## EXERCISE DETAILS:
Going through the material below, output exactly the lines from the one containing "Дополнительный инвентарьВанночки для" through the one containing "Τα επεισόδια ξέσπασαν", and no pictures.

## DATA EXCERPTS:
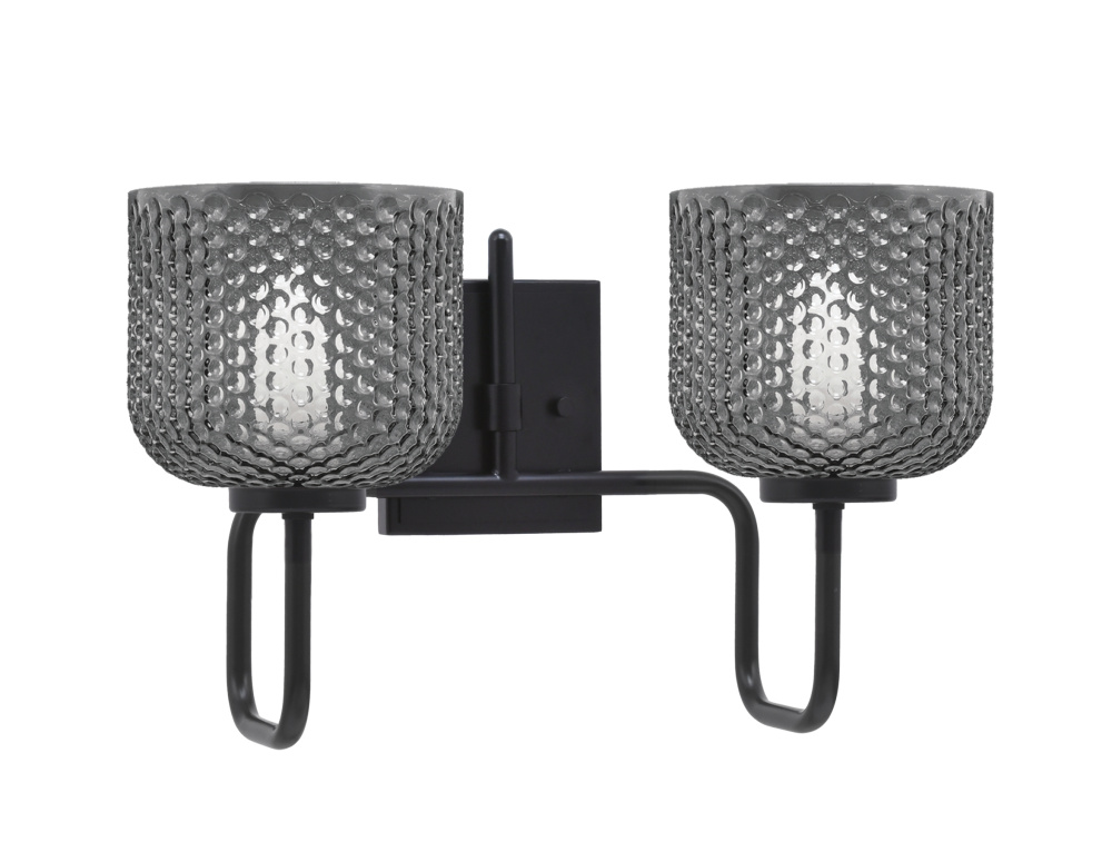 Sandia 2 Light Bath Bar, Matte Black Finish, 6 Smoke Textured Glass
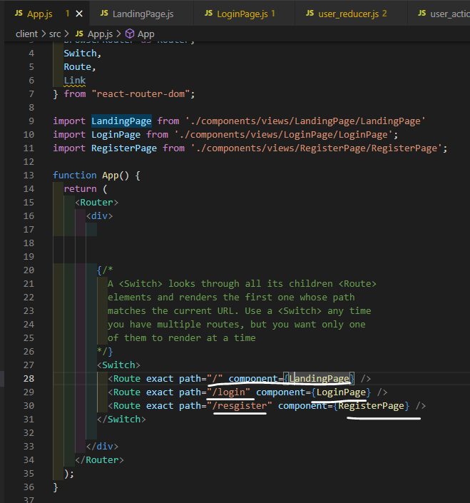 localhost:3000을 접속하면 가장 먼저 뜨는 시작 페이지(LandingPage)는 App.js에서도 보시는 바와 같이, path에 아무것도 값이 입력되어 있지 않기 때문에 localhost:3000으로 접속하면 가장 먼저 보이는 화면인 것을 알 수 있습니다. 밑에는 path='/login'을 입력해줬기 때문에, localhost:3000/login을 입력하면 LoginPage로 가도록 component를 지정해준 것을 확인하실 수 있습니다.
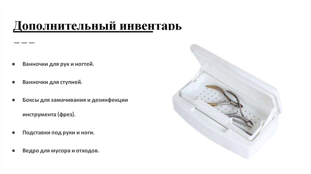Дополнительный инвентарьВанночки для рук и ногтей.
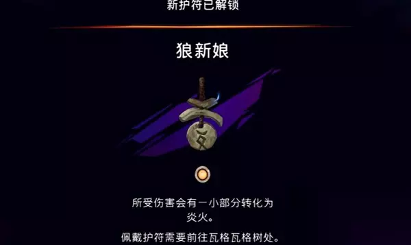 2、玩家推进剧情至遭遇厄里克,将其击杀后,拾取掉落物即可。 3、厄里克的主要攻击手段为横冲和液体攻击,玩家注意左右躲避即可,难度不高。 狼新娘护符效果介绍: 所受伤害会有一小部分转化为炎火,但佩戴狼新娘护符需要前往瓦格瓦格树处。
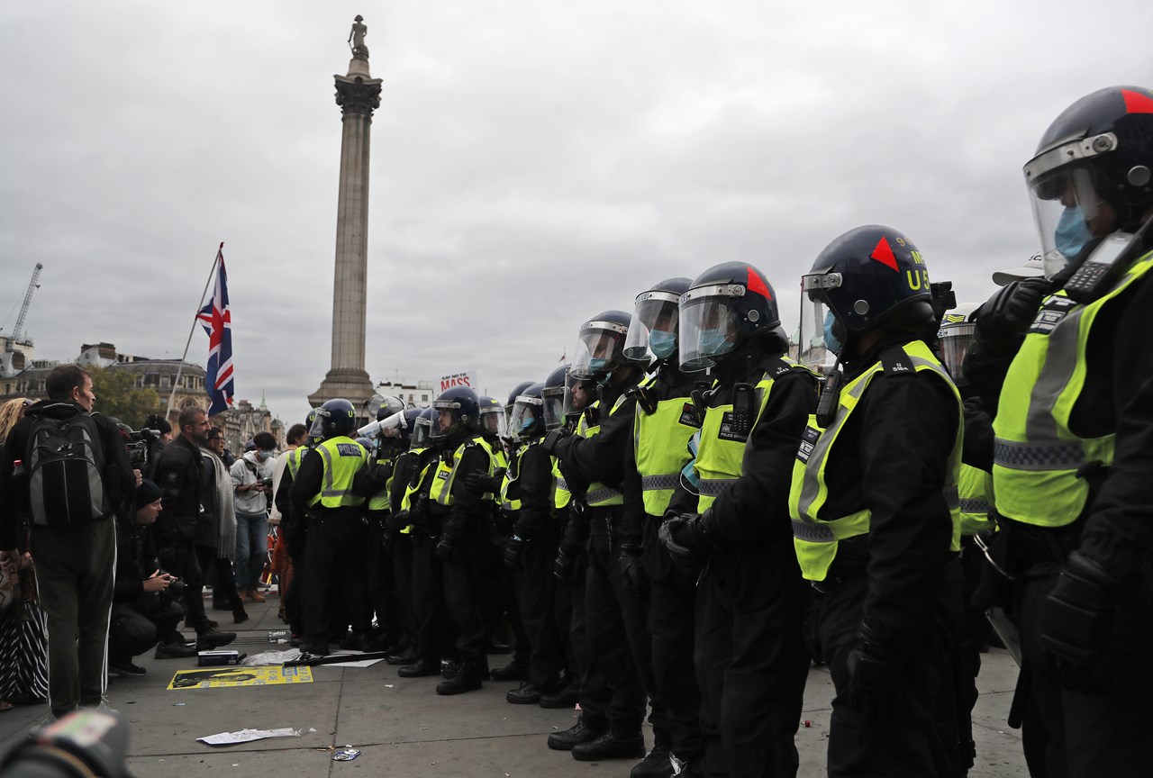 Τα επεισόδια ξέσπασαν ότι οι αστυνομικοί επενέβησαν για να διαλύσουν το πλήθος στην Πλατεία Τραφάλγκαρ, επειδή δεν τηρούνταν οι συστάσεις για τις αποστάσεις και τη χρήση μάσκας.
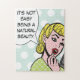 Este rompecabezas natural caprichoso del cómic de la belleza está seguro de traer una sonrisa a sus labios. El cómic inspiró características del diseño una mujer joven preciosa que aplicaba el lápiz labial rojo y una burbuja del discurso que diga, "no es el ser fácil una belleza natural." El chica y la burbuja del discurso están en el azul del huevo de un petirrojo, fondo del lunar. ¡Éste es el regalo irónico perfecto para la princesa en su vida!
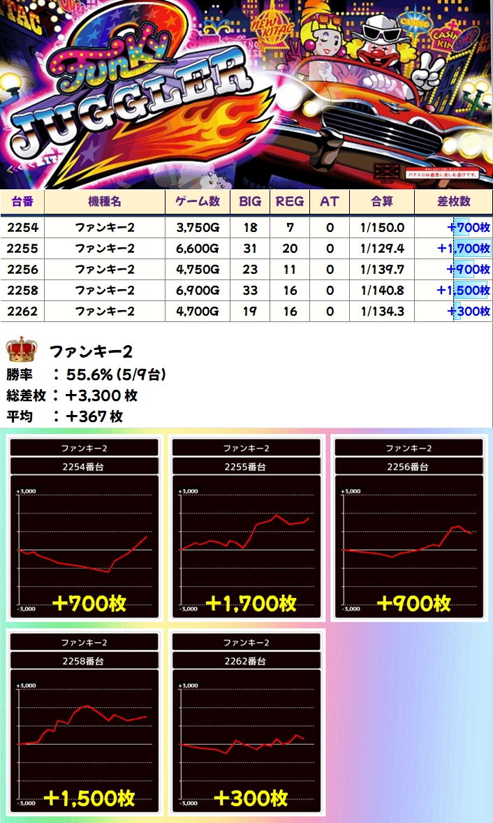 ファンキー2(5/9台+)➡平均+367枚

...

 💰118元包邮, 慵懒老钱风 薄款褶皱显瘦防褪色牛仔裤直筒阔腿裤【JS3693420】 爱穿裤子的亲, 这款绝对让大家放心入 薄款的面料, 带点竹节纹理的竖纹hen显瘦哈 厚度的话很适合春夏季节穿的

* * *

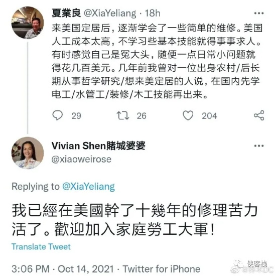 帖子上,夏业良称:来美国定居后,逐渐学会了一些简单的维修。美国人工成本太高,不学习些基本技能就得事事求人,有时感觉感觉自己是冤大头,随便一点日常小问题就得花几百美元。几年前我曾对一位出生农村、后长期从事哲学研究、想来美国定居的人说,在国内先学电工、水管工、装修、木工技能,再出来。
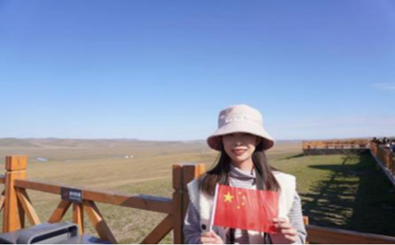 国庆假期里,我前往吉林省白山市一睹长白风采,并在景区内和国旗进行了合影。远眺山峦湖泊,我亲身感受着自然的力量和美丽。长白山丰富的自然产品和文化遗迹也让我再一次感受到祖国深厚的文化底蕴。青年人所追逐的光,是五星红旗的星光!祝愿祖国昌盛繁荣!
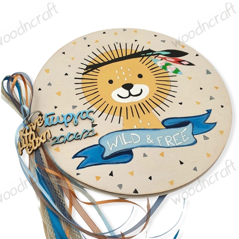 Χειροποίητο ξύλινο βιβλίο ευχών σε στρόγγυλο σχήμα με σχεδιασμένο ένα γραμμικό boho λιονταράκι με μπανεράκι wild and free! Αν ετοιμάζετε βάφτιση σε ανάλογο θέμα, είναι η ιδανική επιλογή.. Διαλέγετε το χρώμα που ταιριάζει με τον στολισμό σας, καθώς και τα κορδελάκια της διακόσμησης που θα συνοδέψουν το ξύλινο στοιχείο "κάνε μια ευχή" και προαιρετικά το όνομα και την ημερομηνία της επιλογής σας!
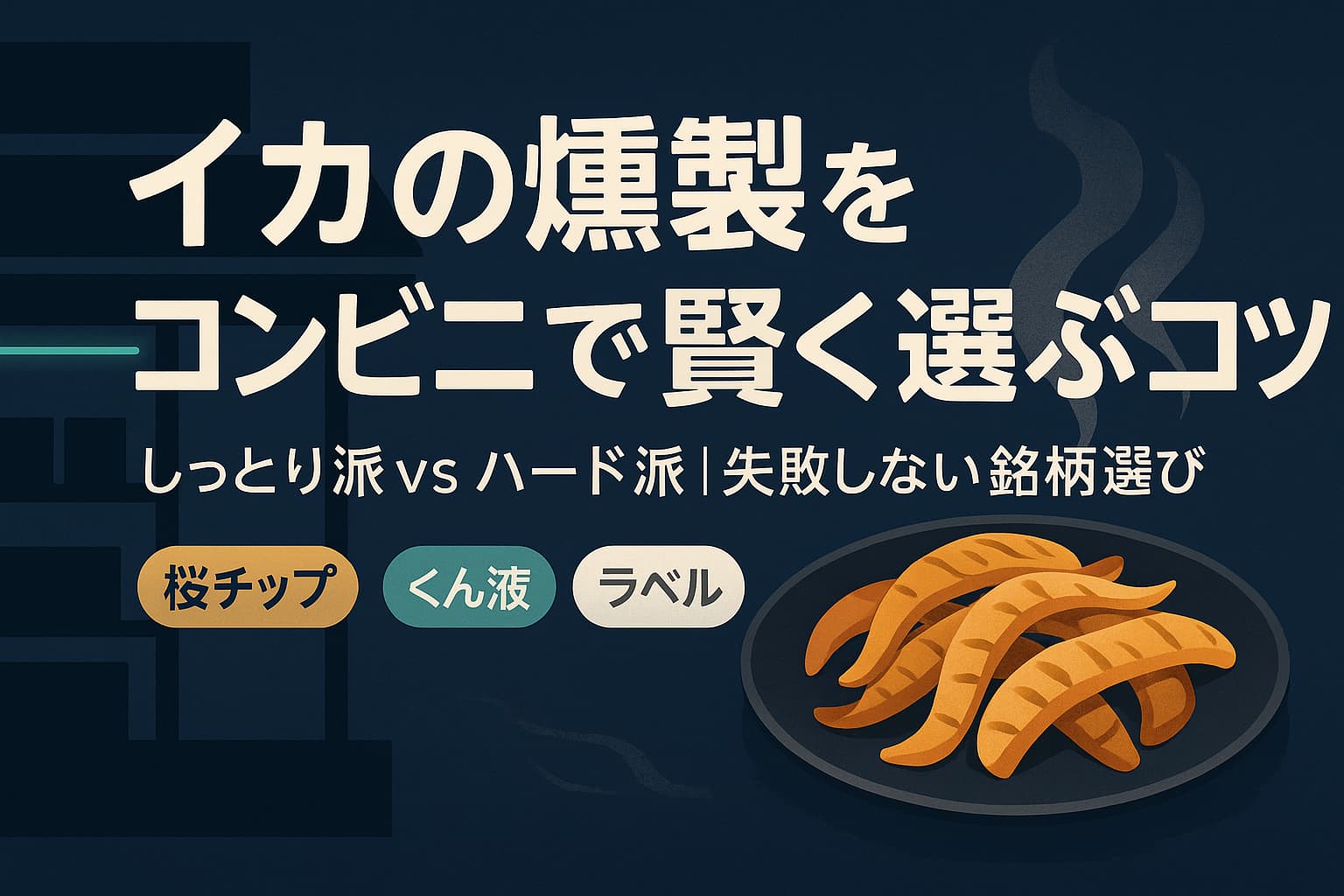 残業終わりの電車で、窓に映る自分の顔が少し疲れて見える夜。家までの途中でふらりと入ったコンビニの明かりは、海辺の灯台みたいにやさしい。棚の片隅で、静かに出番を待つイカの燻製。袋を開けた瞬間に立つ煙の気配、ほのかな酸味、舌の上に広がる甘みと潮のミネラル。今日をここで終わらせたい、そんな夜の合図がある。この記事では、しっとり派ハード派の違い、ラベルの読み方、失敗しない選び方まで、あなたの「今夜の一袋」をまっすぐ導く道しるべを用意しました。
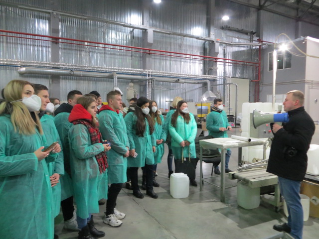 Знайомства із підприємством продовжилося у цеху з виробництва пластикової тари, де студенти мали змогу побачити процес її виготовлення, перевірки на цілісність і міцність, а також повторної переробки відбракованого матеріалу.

## OUTPUT OF THE EXERCISE:
Дополнительный инвентарьВанночки для рук и ногтей.
 2、玩家推进剧情至遭遇厄里克,将其击杀后,拾取掉落物即可。 3、厄里克的主要攻击手段为横冲和液体攻击,玩家注意左右躲避即可,难度不高。 狼新娘护符效果介绍: 所受伤害会有一小部分转化为炎火,但佩戴狼新娘护符需要前往瓦格瓦格树处。
 Τα επεισόδια ξέσπασαν ότι οι αστυνομικοί επενέβησαν για να διαλύσουν το πλήθος στην Πλατεία Τραφάλγκαρ, επειδή δεν τηρούνταν οι συστάσεις για τις αποστάσεις και τη χρήση μάσκας.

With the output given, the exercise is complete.